Temos essas duas diferenças marcantes: eu preciso e gosto de ficar sozinha e amo a minha casa, fato que me prende aqui. Ele tem pavor de ficar só, acha que é um duro aprendizado em que ele sempre será reprovado e acha que o mundo é pequeno para tudo quanto ele ainda quer caminhar.
No resto somos bem par/pares: do louvor aos Beatles às insistentes angústias da existência; do gosto pela Filosofia e pela Literatura; dos amigos loucos à observações sobre os olhos turvos dos turistas; dos filmes aos atores; das cores aos sonhos...somos muito, muito parecidos. E ontem também um traço nosso voltou a ser discutido: ele reclamou da casa dos trinta anos, dos 31 anos que ele tem, de se sentir velhos e não se encaixar em outro time etário, tendo saudades dos amigos lisos e malucos de antes. Eu começo a me despedir da casa dos trinta e tal como ele, me sentir muito jovem para estar velha e me sentir muito velha para estar jovem. Coisas que nos tornam anacrônicos – já falei, as pessoas prolongam a adolescência. Está aí Supla, na casa dos cinqüenta anos e ainda na primeira infância; Billy Idol também pode ser adolescente na casa dos sessenta e Mick Jaggar, um fóssil, ainda é o fodão do pop rock e come as modelos brasileiras fazendo sexo inadvertidamente como nem todo adolescente burro de 16 anos faria.
Há um problema sério com o tempo em nosso tempo. Mas estou sem tempo para isso agora, porque se você não vai ao natal, ele vem até você: aí inventaram de aparecer aqui amanhã e o jantar tem que ser temperado desde hoje; e eu comprei um queijo caro por causa disso e um série de sementes que me devoraram as finanças e, no fundo, me sinto lisonjeada por meus amigos saberem que eu cozinho bem. Sei que eles vem aqui porque se sentem sozinhos e porque julgam que talvez eu esteja só num dia em que não é bom estar só. Acho que depois eles vão lavar os pratos para mim, rir do meu tio, ir lá fora brincar no balanço, dar pausa para falar dos desesperos de cada um e depois ver o Telecine. Depois todo mundo some, por causa do réveillon, porque cada um vai para um lado.
Queria que minha amiga louca viesse. Queria muito: ela faz a festa. Acho que guardo um pouco de revolta contra a rivotrilização da vida por isso, porque sinto falta dela. Mas depois da comodidade de se obter alegria através de um comprido e de se fazer uma fuga segura dos sintomas, quem vai se esforçar para atingir a causa? Aí ela preguiçosamente se ampara nos comprimidos.
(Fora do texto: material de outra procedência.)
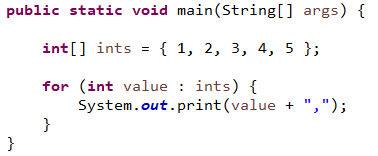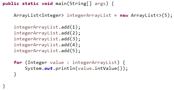 public static void main(String[] args) { ArrayList<Integer> integerArrayList = new ArrayList<>(5); integerArrayList.add(1); integerArrayList.add(2); integerArrayList.add(3); integerArrayList.add(4); integerArrayList.add(5); // for(초기화; 조건문; 수행코드;){ 반복 } // 초기화 -> 조건문 비교 -> 반복 -> 수행코드 -> 조건문 비교 -> ... for (Iterator<Integer> iterator = integerArrayList.iterator(); iterator.hasNext();) { System.out.println(iterator.next().intValue()); } }

Talvez a minha noite feliz seja ver Héber sonolento no sofá, com um dos meus gatos puxando os cabelos dele e outro mordendo o pé – está aí um menino que sabe fazer chá e sopas! – depois olho a cara sonolenta dele, os cabelos desgrenhados e uma indisposição doida para voltar para casa (a casa dele fica a quatro quarteirões da minha) e ele acaba dormindo no sofá mesmo. Ao contrário de Márcia, que faz visitas cronometradas e de Ninno, que já chega com sono. Antes de tudo isso e das piadinhas maldosas reciprocamente distribuídas, riremos juntos das berrarias da fé cujo barulho invadirá nossas conversas: toda esta semana tem culto na igreja evangélica que fica no fundo de minha casa. Aleluia!